■ EXERCISE DIRECTIONS:
Retype every record exactly. Skip the images.

===============

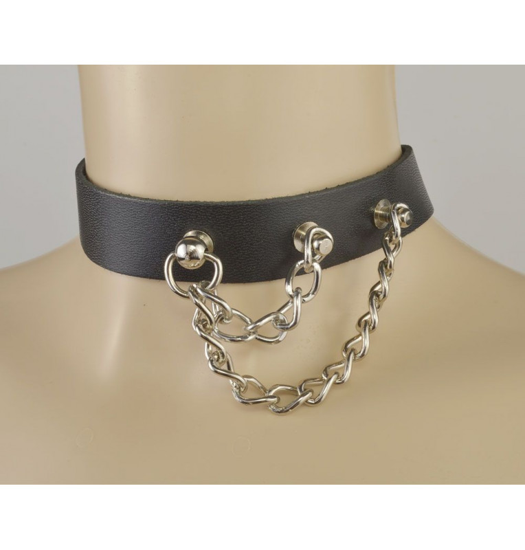 Эффектный ошейник изготовлен из натуральной кожи. Размер регулируется при помощи металлической пряжки. Металлическая фурнитура имеет никелевое покрытие.
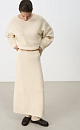 Wool blend knit maxi skirt with a slight flare at the hem and an elastic ribbed waistband. Pairing with a jumper or cardigan in the same style.
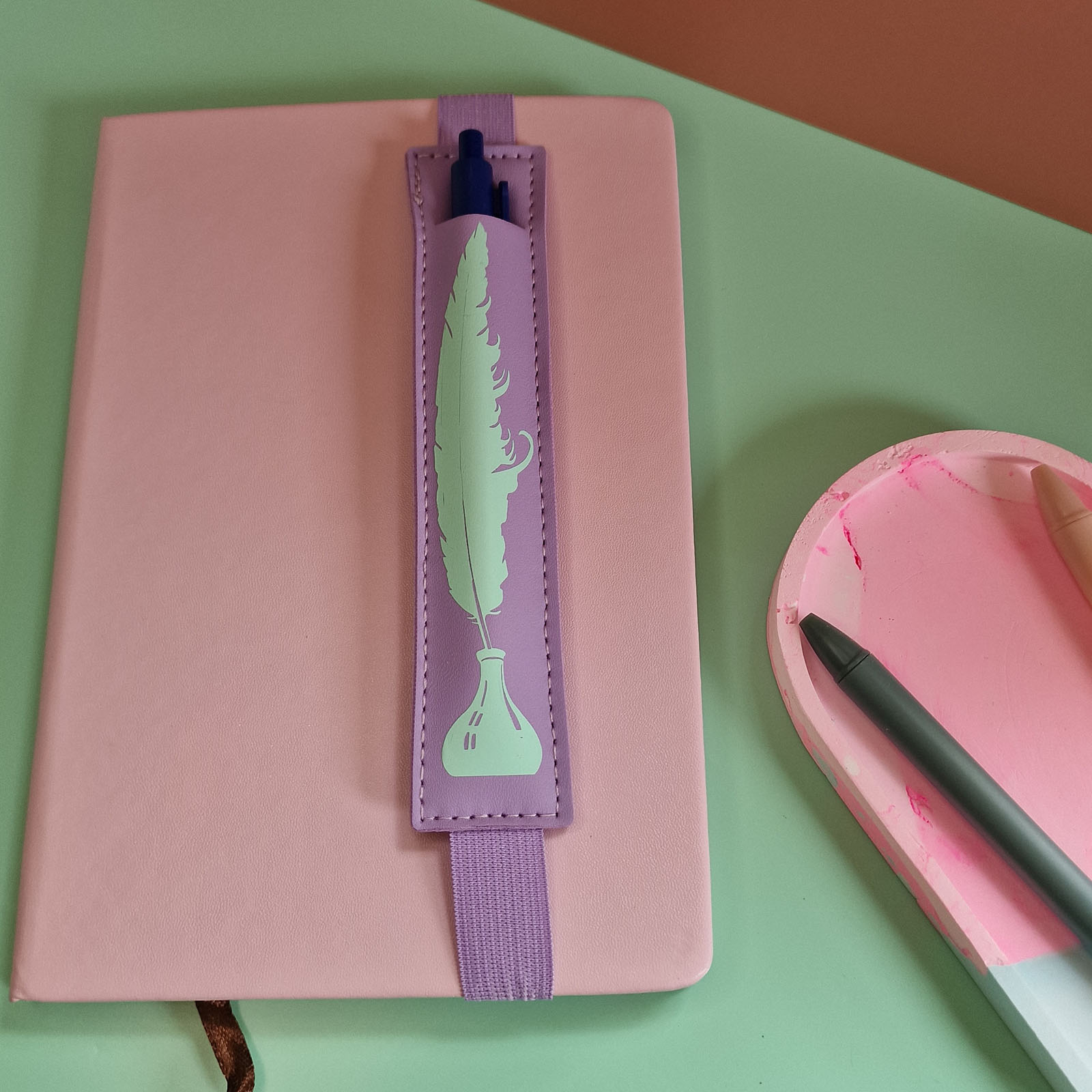 Keep your pen stylishly at the ready with this beautifully crafted lilac notebook pen holder featuring a mint quill and inkpot design. Whether you’re writing poetry, planning your week, or pretending you’re drafting a letter from a candlelit desk, this accessory blends classic charm with practical flair.
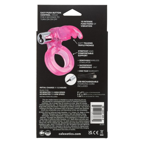Enhancement for him and triple action for her Soft Jelly triple prongs powered by a wireless stimulator, provide reverberating vibrations PVC (enhancer) ABS with silver plating (stimulator).
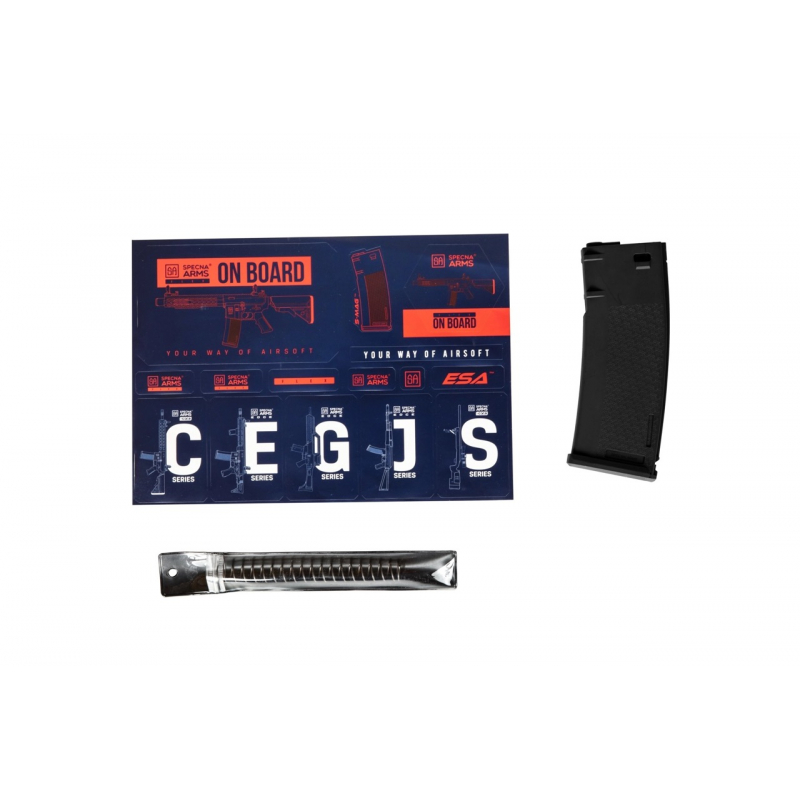 The gearbox is also reinforced and capable of operating with springs up to M120, as stated by the manufacturer Specna Arms.
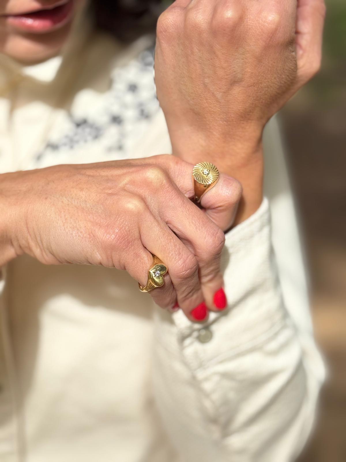 טבעת זהב חותם לב יהלום
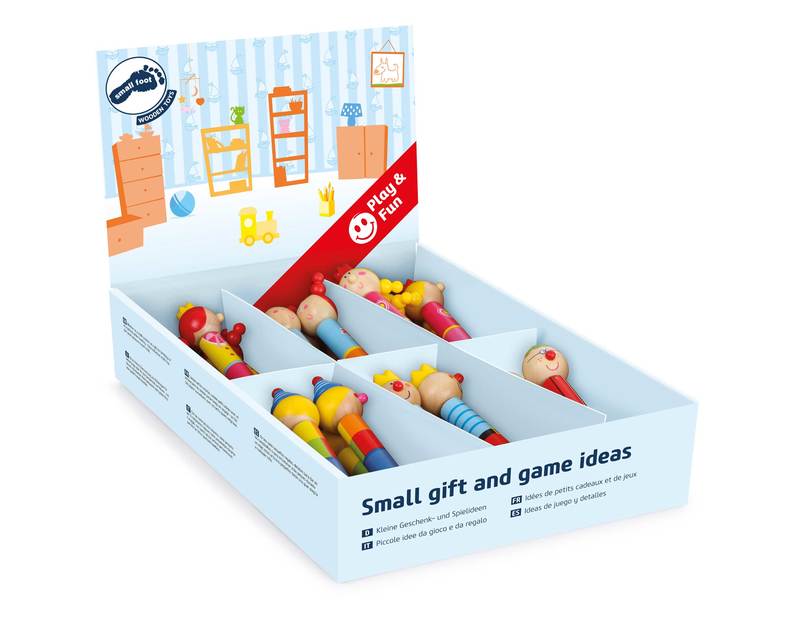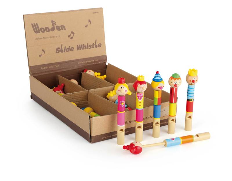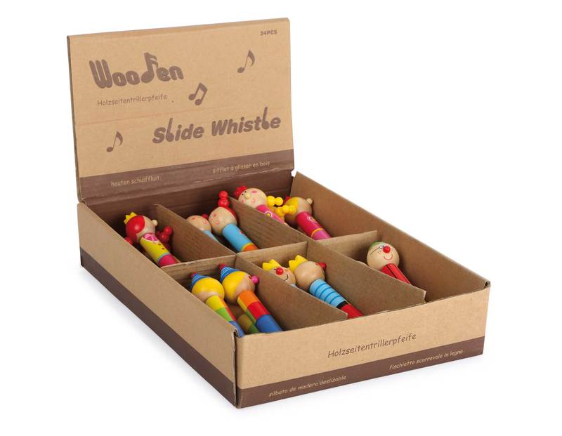 Set of 24. These charming clowns are real musical instruments! With a kid-friendly design and lovingly painted, these wooden flutes look especially cute. Pulling the knob on the end changes the tone. When set up in the display on the sales counter, these flutes will enchant both young and old, and are a guaranteed last-minute purchase! Who can hit the right notes first?

===============

■ SOLVED PROBLEM:
 Эффектный ошейник изготовлен из натуральной кожи. Размер регулируется при помощи металлической пряжки. Металлическая фурнитура имеет никелевое покрытие.
 Wool blend knit maxi skirt with a slight flare at the hem and an elastic ribbed waistband. Pairing with a jumper or cardigan in the same style.
 Keep your pen stylishly at the ready with this beautifully crafted lilac notebook pen holder featuring a mint quill and inkpot design. Whether you’re writing poetry, planning your week, or pretending you’re drafting a letter from a candlelit desk, this accessory blends classic charm with practical flair.
Enhancement for him and triple action for her Soft Jelly triple prongs powered by a wireless stimulator, provide reverberating vibrations PVC (enhancer) ABS with silver plating (stimulator).
 The gearbox is also reinforced and capable of operating with springs up to M120, as stated by the manufacturer Specna Arms.
 טבעת זהב חותם לב יהלום
 Set of 24. These charming clowns are real musical instruments! With a kid-friendly design and lovingly painted, these wooden flutes look especially cute. Pulling the knob on the end changes the tone. When set up in the display on the sales counter, these flutes will enchant both young and old, and are a guaranteed last-minute purchase! Who can hit the right notes first?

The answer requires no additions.